_DATA EXTRACT_.
=== Begin Enclosure ===

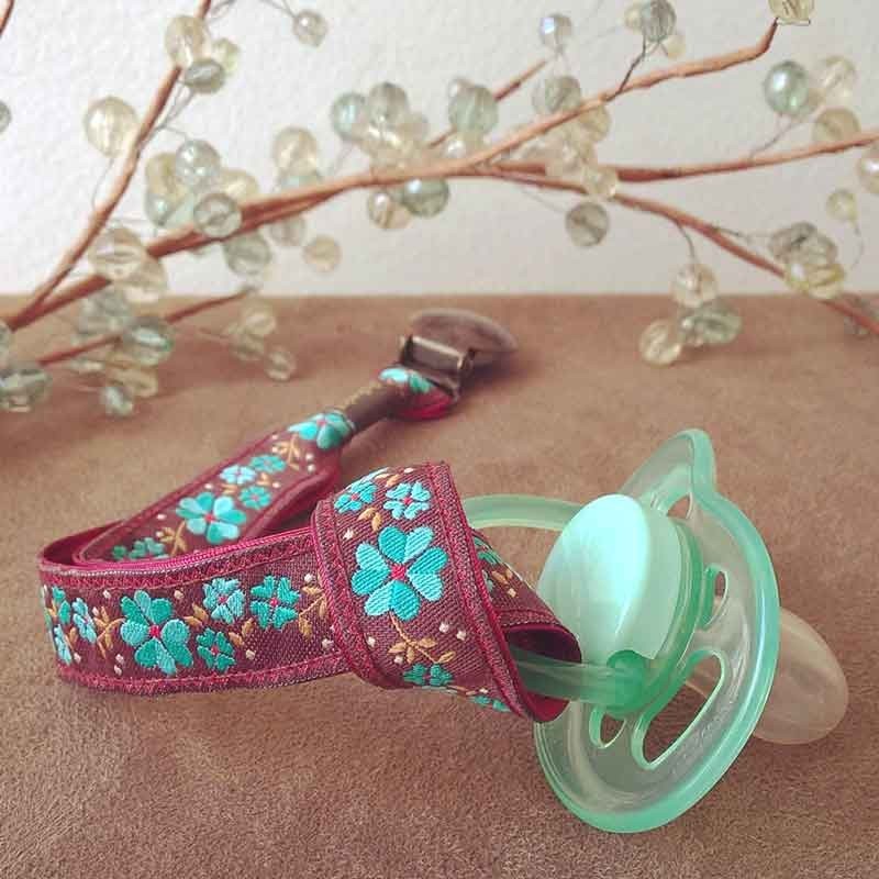 Attache-tétine avec une dragonne tissée de fleurs turquoise doublée de satin.
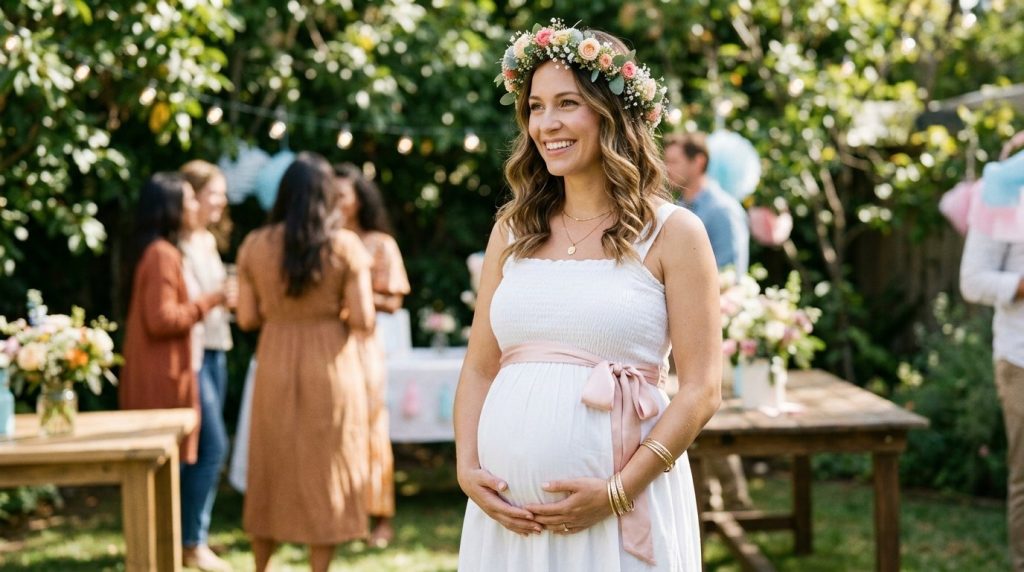 A simple satin sash reading “Mama-to-Be” or “Baby Shower Queen” can be found on Amazon or Etsy for under $10. A floral crown made from silk flowers from the dollar store costs even less and photographs beautifully. These accessories are the definition of high impact, low cost — and they work with virtually any shower outfit.
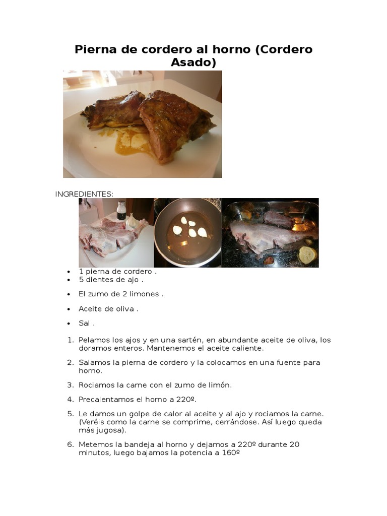 Preparar una deliciosa y jugosa pierna de cerdo al horno es fácil, como podrás comprobar al seguir la receta al estilo peruano que hemos conseguido para compartir contigo. La carne de cordero es una fuente de proteínas de alto valor biológico, vitaminas como b6, b12 y minerales como: Fría la pierna en un sartén de ambos lados hasta que este dorada y sellada, si no le cabe en un sartén puede usar una parrilla eléctrica o de carbón. Embadurnar las piernas de cordero con esta emulsión y ponerlas al horno a 180º durante 30 minutos. Se trata de una pierna de cordero al horno tierna gracias a los líquidos y al vapor que se concentran a la hora de cocinarlo que permiten que la carne quede bien jugosa y para nada seca.

=== End Enclosure ===

_WHAT YOU WILL DO_. Nothing should appear in the answer except the lines from the one containing "A simple satin" through the last line of the listing, given again exactly and with no pictures.

_OUTPUT OF THE TASK_.
 A simple satin sash reading “Mama-to-Be” or “Baby Shower Queen” can be found on Amazon or Etsy for under $10. A floral crown made from silk flowers from the dollar store costs even less and photographs beautifully. These accessories are the definition of high impact, low cost — and they work with virtually any shower outfit.
 Preparar una deliciosa y jugosa pierna de cerdo al horno es fácil, como podrás comprobar al seguir la receta al estilo peruano que hemos conseguido para compartir contigo. La carne de cordero es una fuente de proteínas de alto valor biológico, vitaminas como b6, b12 y minerales como: Fría la pierna en un sartén de ambos lados hasta que este dorada y sellada, si no le cabe en un sartén puede usar una parrilla eléctrica o de carbón. Embadurnar las piernas de cordero con esta emulsión y ponerlas al horno a 180º durante 30 minutos. Se trata de una pierna de cordero al horno tierna gracias a los líquidos y al vapor que se concentran a la hora de cocinarlo que permiten que la carne quede bien jugosa y para nada seca.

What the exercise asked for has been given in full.